Nicole Belloubet. © Reuters

Nicole Belloubet. © Reuters

Ce basculement aurait des conséquences considérables. Texte fondateur de la liberté de la presse et de la liberté d’expression, la loi de 1881 a mis en place un régime spécifique permettant de protéger celles-ci, avec des garanties procédurales, comme
des délais de prescription plus courts ou encore l’interdiction de la détention provisoire. Le passage de ces infractions dans le code pénal permettrait, notamment, de faciliter les perquisitions ou encore les comparutions immédiates.

La ministre de la justice se dit consciente de la sensibilité du sujet. « On ne peut modifier un tel texte que d’une main tremblante et après mûre réflexion. Je comprends bien qu’il pourrait être intéressant de sortir de la loi de 1881, par exemple pour juger en comparution immédiate les auteurs récidivistes d’injures. Le problème, ce sont les limites : à partir de quel moment va-t-on considérer qu’un acte relève d’une agression raciste, homophobe, antisémite ? »,
explique-t-elle au JDD.

Pour trancher ce « débat, complexe et délicat », Nicole Belloubet annonce qu’elle sollicitera pour avis la Commission nationale consultative des droits de l’homme (CNCDH) et constituera un groupe de travail sur le sujet. Leurs conclusions
devraient être rendues à l’automne prochain.
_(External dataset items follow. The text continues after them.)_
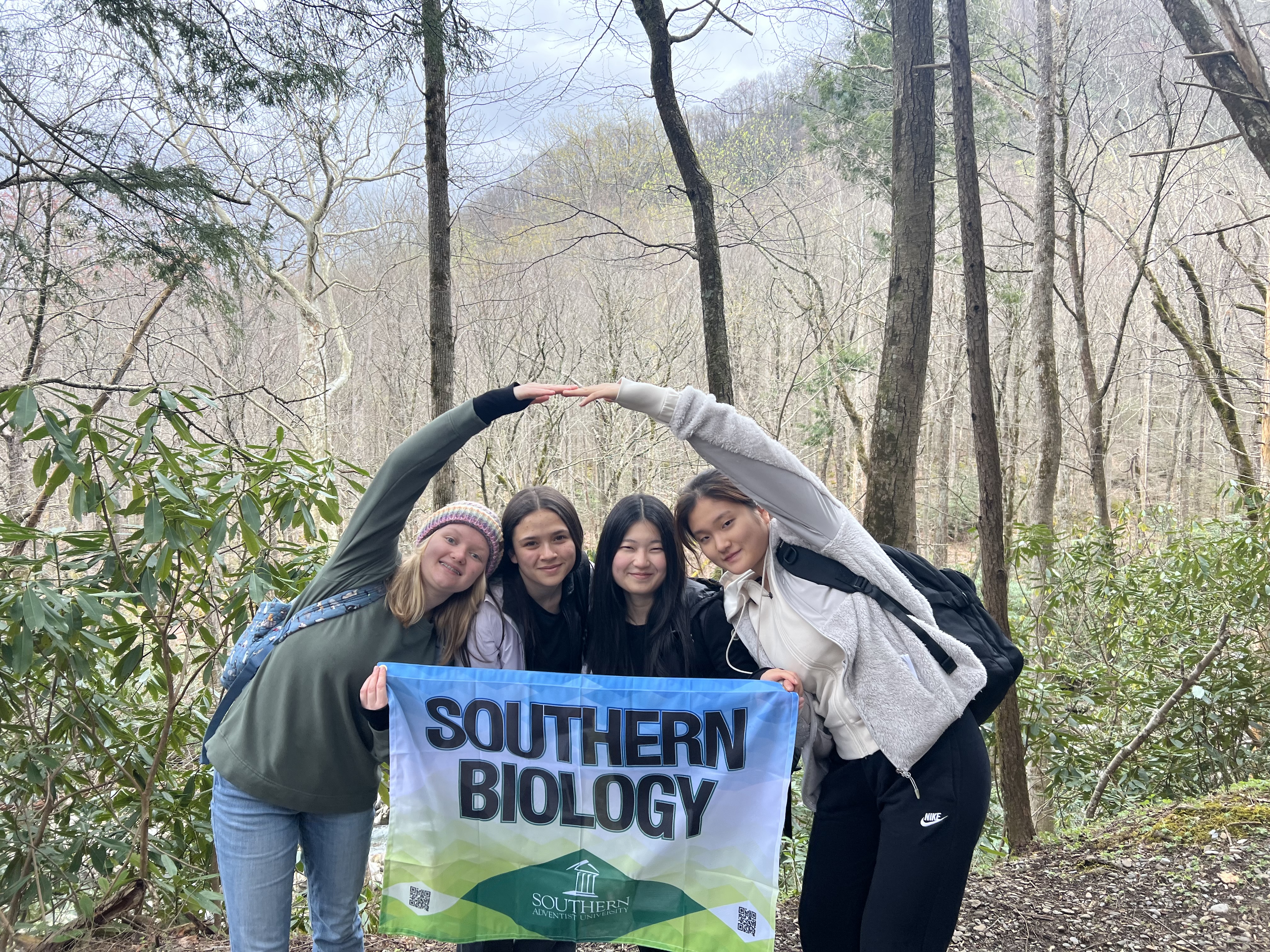 Stephanie Kim, Cambria Herbert, Yunseo Ahn, and Emma Davis at Great Smoky Mountains on their way up to a waterfall on April 4, 2024.
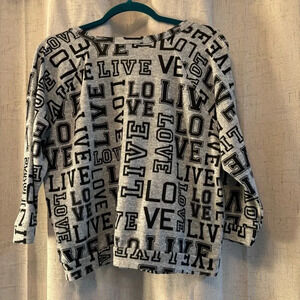 Almost Famous Light Sweater Size L. “Love” and “Live” Graphics in Gray and Black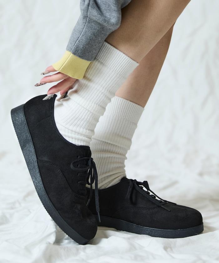 皮革麂皮平底鞋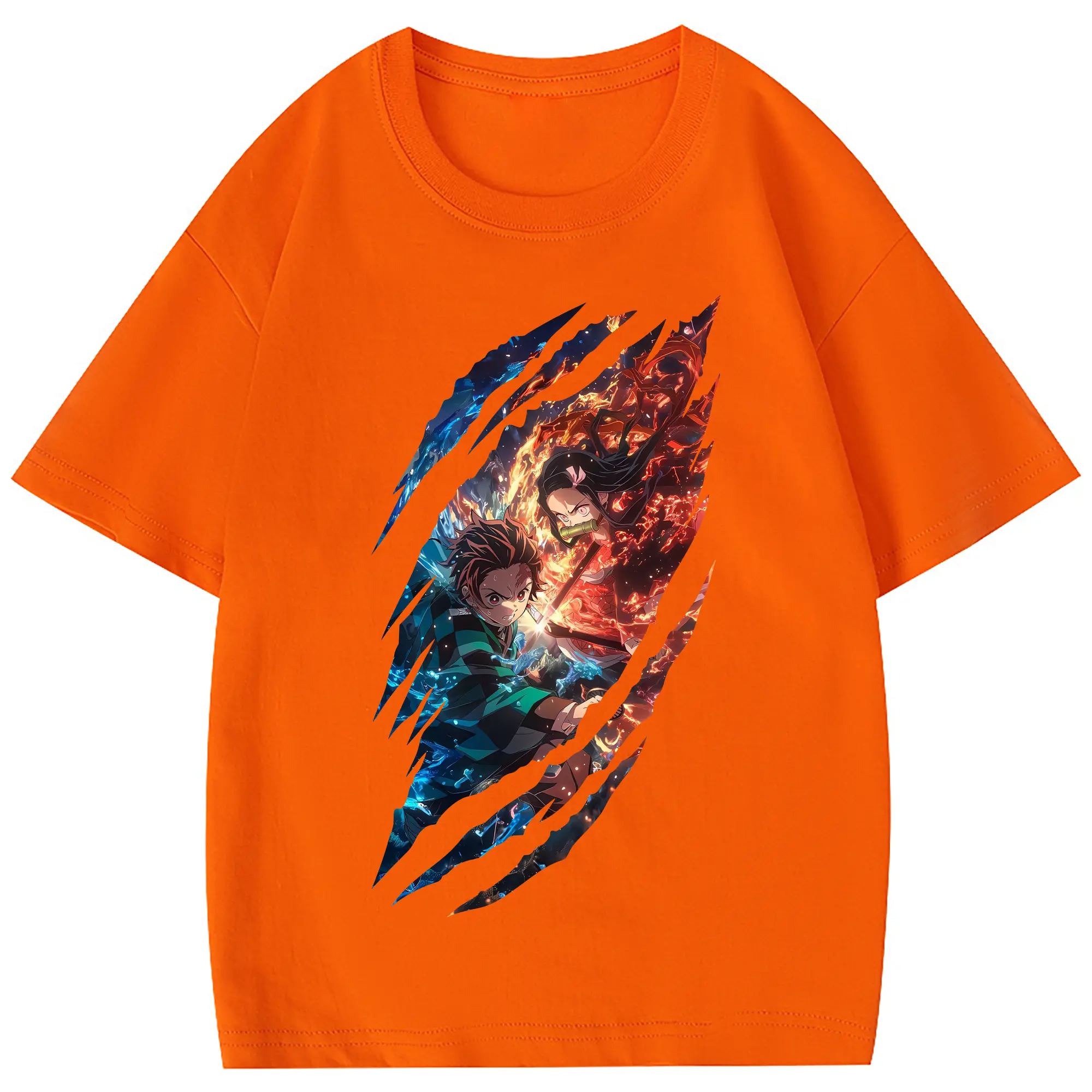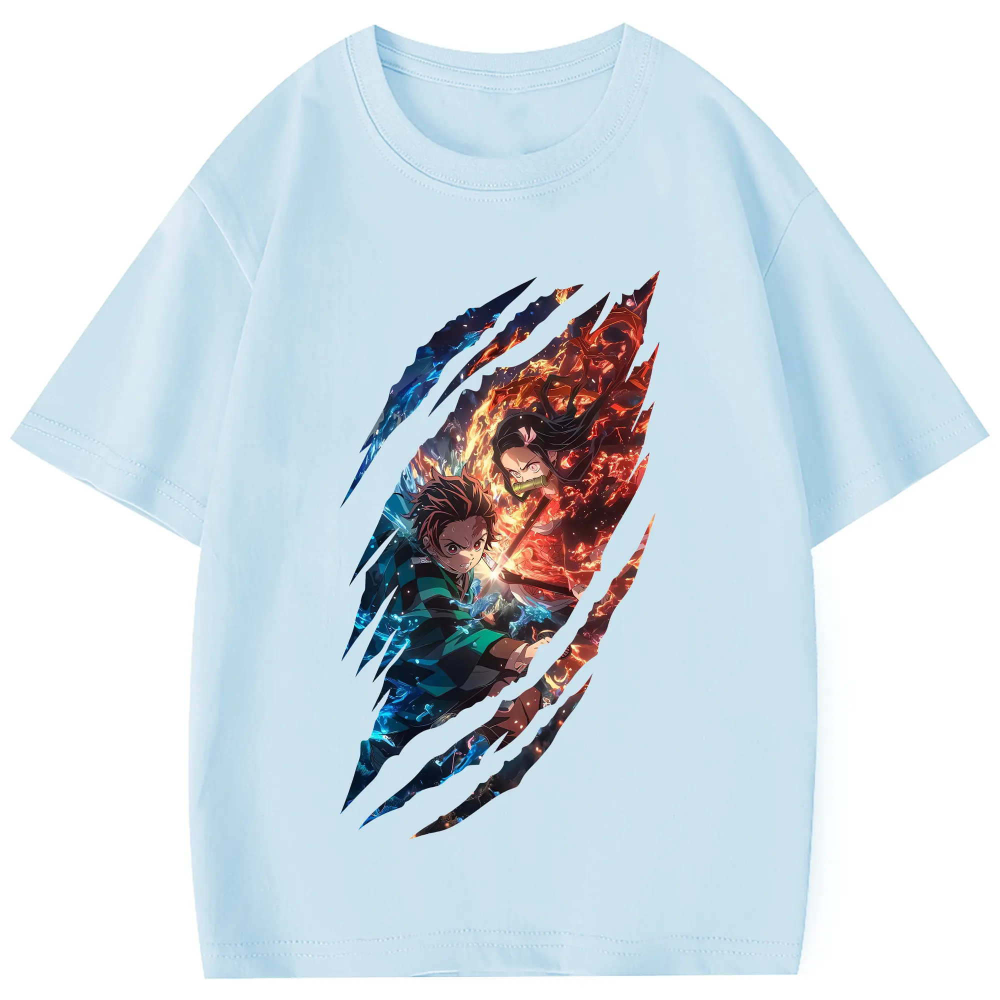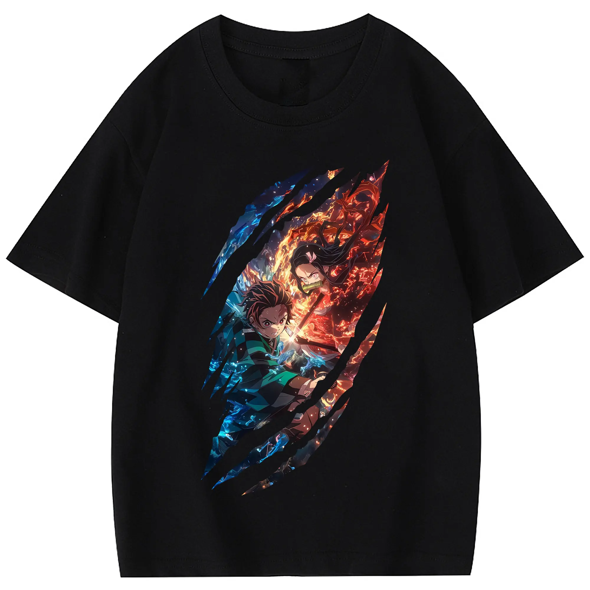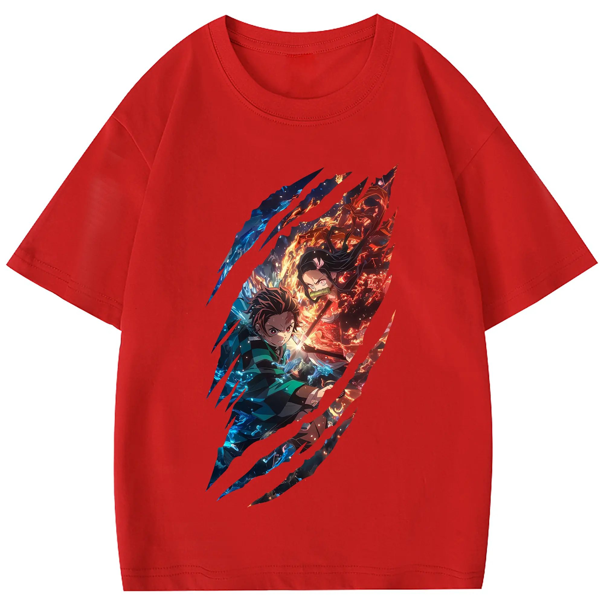 鬼滅の刃 グッズ,竈門 炭治郎 - 綿100% 半袖Tシャツ ・ フロントプリント ・ 快適 通気性 ・ 日常使い 散歩 スポーツ用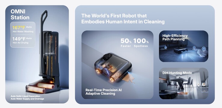 Essa configuração aparentemente permite que o robô limpe completamente os pisos 50% mais rápido do que os robôs com apenas um rolo. A estação base limpa os dois rolos com água quente a 167°F e depois os seca com ar quente. A estação também esvazia a lixeira e carrega o robô. A xLean Robotics anuncia uma potência de sucção de 17.000 Pa, mas o TR1 também pretende superar os concorrentes em termos de navegação. Para isso, o fabricante combina um scanner LiDAR de 360 graus com um sistema de câmera 3D que funciona com pouca luz graças a dois faróis embutidos.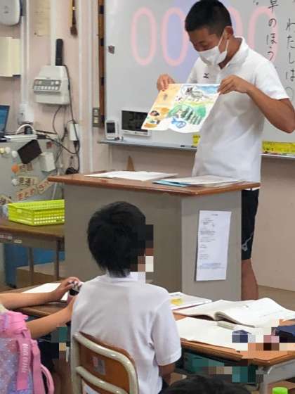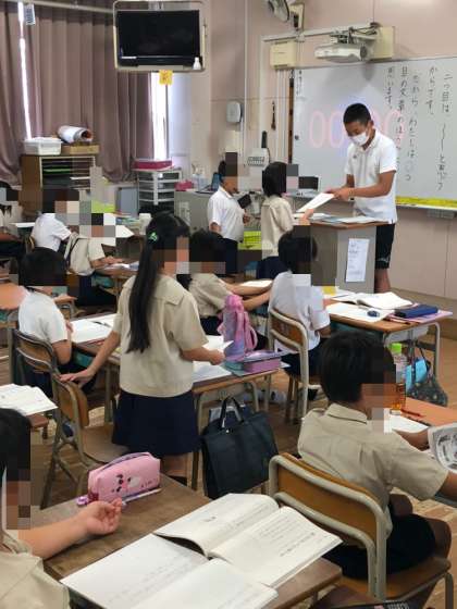 3年生の国語です。夏休み中に書いた作文などを返却していました。中には、きれいに着色した絵日記を描いた子もいて、みんなに紹介されていました。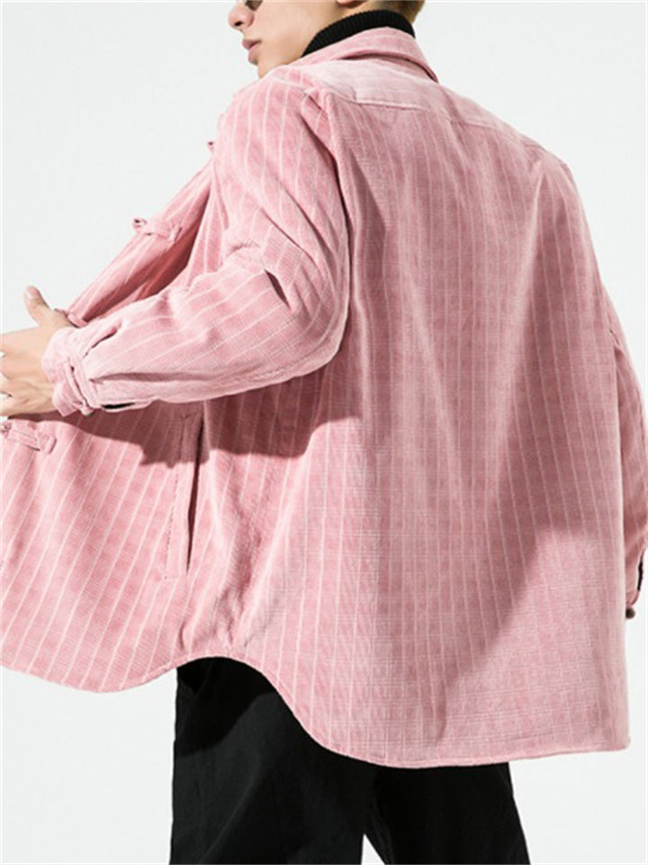 Men's Autumn Solid Color Corduroy Zen Style Lace Up Cardigan Jackets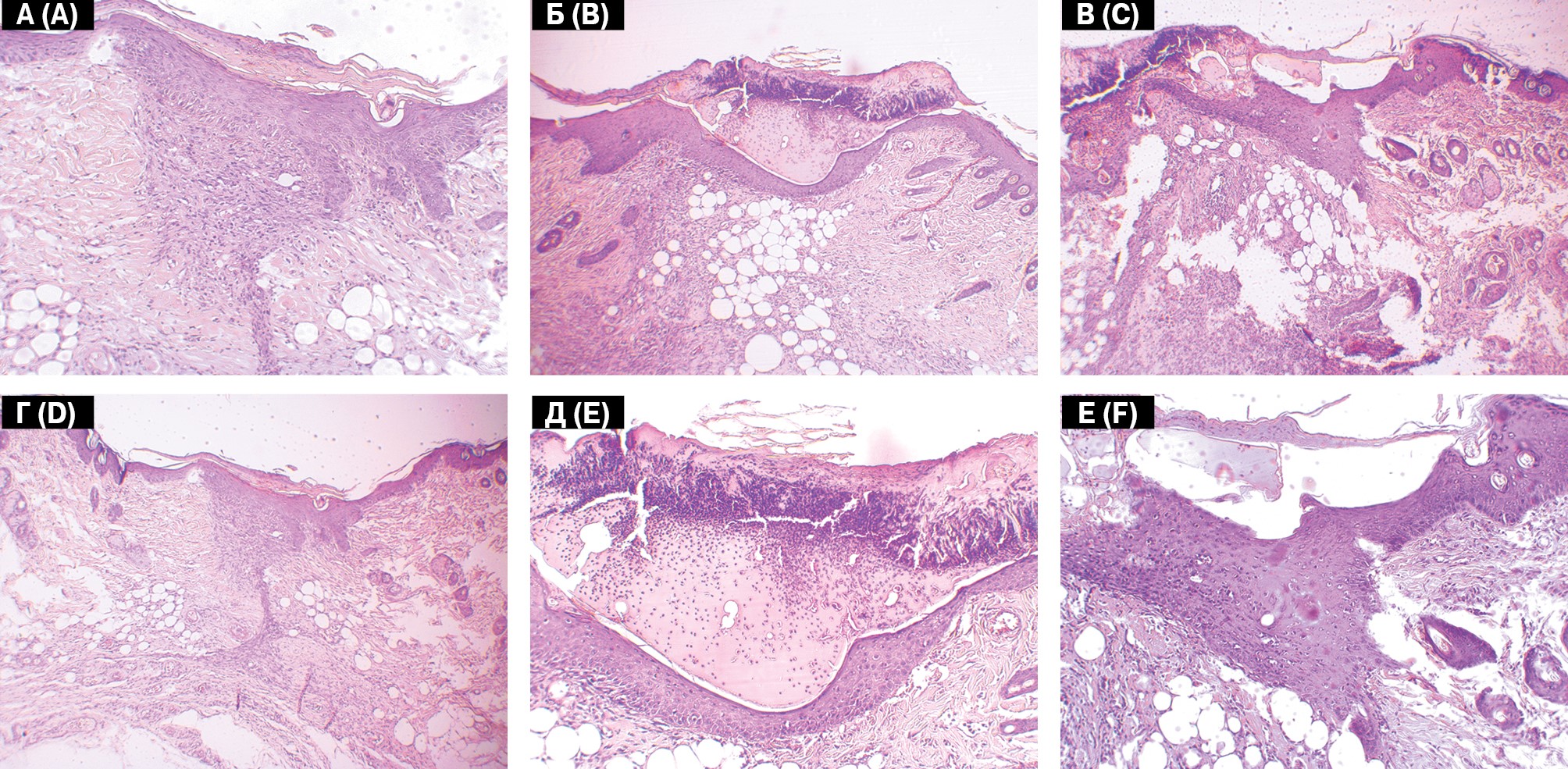 На всех анализируемых микропрепаратах образцы кожи представлены эпидермисом, дермой и гиподермой. У животных контрольной группы выявляются выраженные изменения воспалительно-деструктивного характера, затрагивающие дерму и гиподерму. В ряде случаев к окончанию эксперимента полного восстановления эпидермиса в области дефекта не наблюдалось (рис. 2А, Г). В подлежащей дерме выявляются очаги некроза жировой и соединительной ткани, сопровождаемые инфильтрацией лимфоцитами, плазматическими клетками и макрофагами, преимущественно в виде демаркационного вала. По периферии раневого дефекта в окружающих тканях отмечается отек, периваскулярные кровоизлияния, маргинация лейкоцитов в просвете мелких артерий.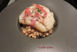 - ♦ Dresser en assiettes creuses chaudes : haricots cocos – julienne de jambon de Bayonne et ciboulette ciselée. Finir avec le cabillaud et un filet d’huile d’olive.

En réalité, ce n’est pas réellement la question de la sortie globale de la loi de 1881 de « l’injure et de la diffamation » qui sera mise sur la table. Contacté par Mediapart, le cabinet de la ministre a en effet précisé que seule
la question des « propos haineux » sur internet serait étudiée. « L’injure et la diffamation, ça représente 90 % du contentieux. Autant dire que ça aurait revenu à tout simplement proposer la suppression de la loi de 1881 »,
pointe Me Christophe Bigot, avocat spécialisé en droit de la presse.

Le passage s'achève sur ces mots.